━━ Provided material

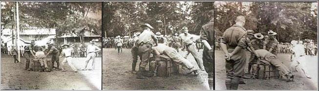 | One Col. William Holmes managed to have "confessions" extracted from four Germans on Rabaul admitting they had become intoxicated and roughed up a Methodist minister they suspected of being a spy. Holmes ordered the Germans to be publicly flogged at Proclamation Square in Rabaul. Natives and women were not allowed to attend. Half a battalion of men was marched to the square and lined up to watch. Before the flogging, the Germans loudly protested their innocence, but it was to no avail. The first German, a medical officer, was placed across a trunk with his hands handcuffed to two tent pegs in the ground while his ankles were chained with leg irons to two pegs on the opposite side of the tree trunk. He was given 30 extremely violent strokes of the cane and carried away. The next man then was similarly lashed across the trunk and given 25 strokes, as was the next. Since the last victim was only a young boy, he received only 10. A new provost was brought on for each caning so one man wouldn't "tire out". After each flogging, the victim was carried away, but not one of them made a sound. Although no photographs were allowed at the flogging, one private hid his camera under his shirt with only the lens popping out, and he managed to catch it on film. |
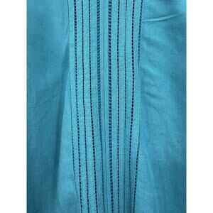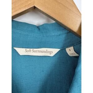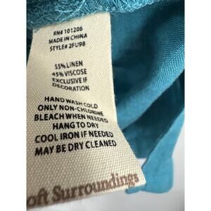 Soft Surroundings Top Womens Blue Linen Blend 3/4 Sleeve V Neck Shirt Size Small
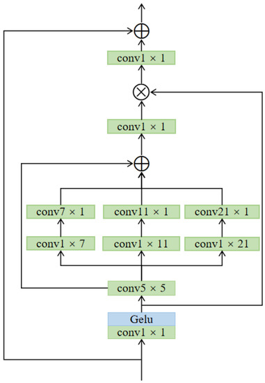 This convolutional attention module contains several main parts. One is the cross-channel linear combination of input feature information that uses 1 × 1 convolution, that is, linear transformation along different channels, to integrate the information between different channels. Second, for multiscale contextual feature integration, we choose to use a 5 × 5 convolution to guarantee an effective receptive field [41]. Although using two 3 × 3 convolutional stacks reduces the number of parameters, the proper use of large convolutional kernels can strengthen localization and classification ability [42]. Subsequently, convolutional attention is divided into (1 × 7, 7 × 1), (1 × 11, 11 × 1), and (1 × 21, 21 × 1) convolutional sizes. Dividing a two-dimensional convolution into a series of asymmetric convolutions can effectively reduce the total number of parameters to a great extent, while the banded convolution facilitates the analysis of narrowly shaped targets [43], which also ensures accuracy. Therefore, we use three asymmetric convolutional kernels of different sizes instead of multiheaded self-attention, and the process of multiscale attentional analysis from can be expressed as:

━━━━

**Instructions to follow**
Take the lines from the one holding "Soft Surroundings Top" through the final line of the listing above and copy them exactly, both ends included, with no pictures.

**Response for this exercise**
 Soft Surroundings Top Womens Blue Linen Blend 3/4 Sleeve V Neck Shirt Size Small
 This convolutional attention module contains several main parts. One is the cross-channel linear combination of input feature information that uses 1 × 1 convolution, that is, linear transformation along different channels, to integrate the information between different channels. Second, for multiscale contextual feature integration, we choose to use a 5 × 5 convolution to guarantee an effective receptive field [41]. Although using two 3 × 3 convolutional stacks reduces the number of parameters, the proper use of large convolutional kernels can strengthen localization and classification ability [42]. Subsequently, convolutional attention is divided into (1 × 7, 7 × 1), (1 × 11, 11 × 1), and (1 × 21, 21 × 1) convolutional sizes. Dividing a two-dimensional convolution into a series of asymmetric convolutions can effectively reduce the total number of parameters to a great extent, while the banded convolution facilitates the analysis of narrowly shaped targets [43], which also ensures accuracy. Therefore, we use three asymmetric convolutional kernels of different sizes instead of multiheaded self-attention, and the process of multiscale attentional analysis from can be expressed as:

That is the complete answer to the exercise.